These notes help you to focus on the most important parts of each chapter related o the Bayesian Data Analysis course. Before reading a chapter, you can check below which sections, pages, and terms are the most important. After reading the chapter or following the corresponding lecture, you can check here for additional clarifications. There also some notes for the chapters not included in the course.

Chapter 1
is related to the pre-requisites and Lecture 1
*Introduction*.

- 1.1-1.3 important terms, especially 1.3 for the notation
- 1.4 an example related to the first exercise, and another practical example
- 1.5 foundations
- 1.6 good example related to visualization exercise
- 1.7 example which can be skipped
- 1.8 background material, good to read before doing the first assignment
- 1.9 background material, good to read before doing the second assignment
- 1.10 a point of view for using Bayesian inference

Find all the terms and symbols listed below.

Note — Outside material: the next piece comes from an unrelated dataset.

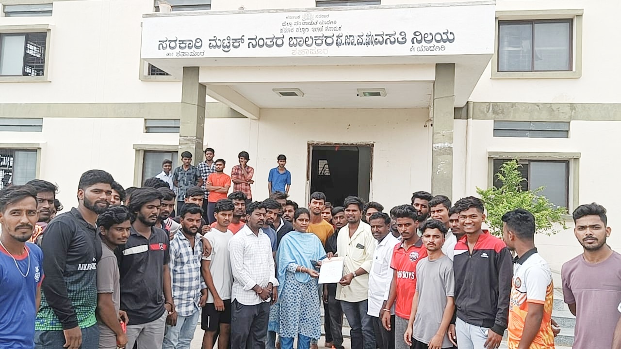 ಯಾಗಿದೆ. ಪ್ರಸ್ತುತ ಡೆಂಘೀ ಜ್ವರದ ಹಾವಳಿ ಹೆಚ್ಚಾಗಿರುವುದರಿಂದ ರಾತ್ರಿ ಸೊಳ್ಳೆ ಕಾಟಗಳ ಕಾಟ. ಇಲ್ಲಿನ ಶೌಚಾಲಯ ಮತ್ತು ಸ್ನಾನದ ಕೋಣೆಗಳು ಸ್ವಚ್ಛತೆ ಇಲ್ಲದೆ ಇರುವುದು, ಕೋಣೆಗಳ ಬಾಗಿಲು ಮತ್ತು ಕಿಟಕಿಗಳು ಮುರಿದಿರುವುದು ಸೇರಿದಂತೆ ಇತರ ಸಮಸ್ಯೆಗಳ ಬಗ್ಗೆ ತಿಳಿಸಿದರು. ಸುಮಾರು ತಿಂಗಳುಗಳಿಂದ ತಾಲೂಕು ಸಮಾಜ ಕಲ್ಯಾಣ ಅಧಿಕಾರಿ ರಾಹುತಪ್ಪನವರಿಗೆ ಹೇಳಿದ್ದರೂ ಕೂಡ ಸ್ಪಂದಿಸಿಲ್ಲ. ಕೂಡಲೇ ನಮ್ಮ ಬೇಡಿಕೆಗಳನ್ನು ಈಡೇರಿಸಬೇಕು. ನಮಗೆ ಸ್ಪಂದಿಸದ ತಾಲೂಕು ಅಧಿಕಾರಿಯನ್ನು ಅಮಾನತು ಮಾಡಬೇಕೆಂದು ಜಿಲ್ಲಾ ಸಮಾಜ ಕಲ್ಯಾಣ ಅಧಿಕಾರಿಗಳಿಗೆ ವಿದ್ಯಾರ್ಥಿಗಳು ಮನವಿ ಮಾಡಿದರು.ಸರ್ ಎಂ ವಿಶ್ವೇಶ್ವರಯ್ಯ ಕಟ್ಟಡ ಕಾರ್ಮಿಕ ಸಂಘದ ಅಧ್ಯಕ್ಷರಾದ ಪ್ರದೀಪ್ ಅಣಬಿ, ಮಹೇಂದ್ರ ಪ್ರಸಾದ್, ರಾಮು, ಆಕಾಶ, ಭೀಮರಾಯ, ಮಂಜುನಾಥ, ದೇವರಾಜ ಸೇರಿದಂತೆ ವಸತಿ ನಿಲಯದ ವಿದ್ಯಾರ್ಥಿಗಳು ಇದ್ದರು.

Note that some of the terms are now only briefly introduced and will be covered later in more detail. When reading the chapter, write down questions related to things unclear for you or things you think might be unclear for others.

- full probability model
- posterior distribution
- potentially observable quantity
- quantities that are not directly observable
- exchangeability
- independently and identically distributed
- \(\theta, y, \tilde{y}, x, X, p(\cdot|\cdot), p(\cdot), \operatorname{Pr}(\cdot), \sim, H\)
- sd, E, var
- Bayes rule
- prior distribution
- sampling distribution, data distribution
- joint probability distribution
- posterior density
- probability
- density
- distribution
- \(p(y|\theta)\) as a function of \(y\) or \(\theta\)
- likelihood
- posterior predictive distribution
- probability as measure of uncertainty
- subjectivity and objectivity
- transformation of variables
- simulation
- inverse cumulative distribution function

Optional but recommended end of the chapter exercises in BDA3 to get a better understanding of the chapter topic:

The symbol \(\propto\) means
*proportional to*, which means left hand side is equal to right
hand size given a constant multiplier. For instance if \(y=2x\), then \(y
\propto x\). It’s `\ propto`

in LaTeX. See Proportionality
in Wikipedia.

Term \(p(y|\theta,M)\) has two different names depending on the situation. Due to the short notation used, there is possibility of confusion.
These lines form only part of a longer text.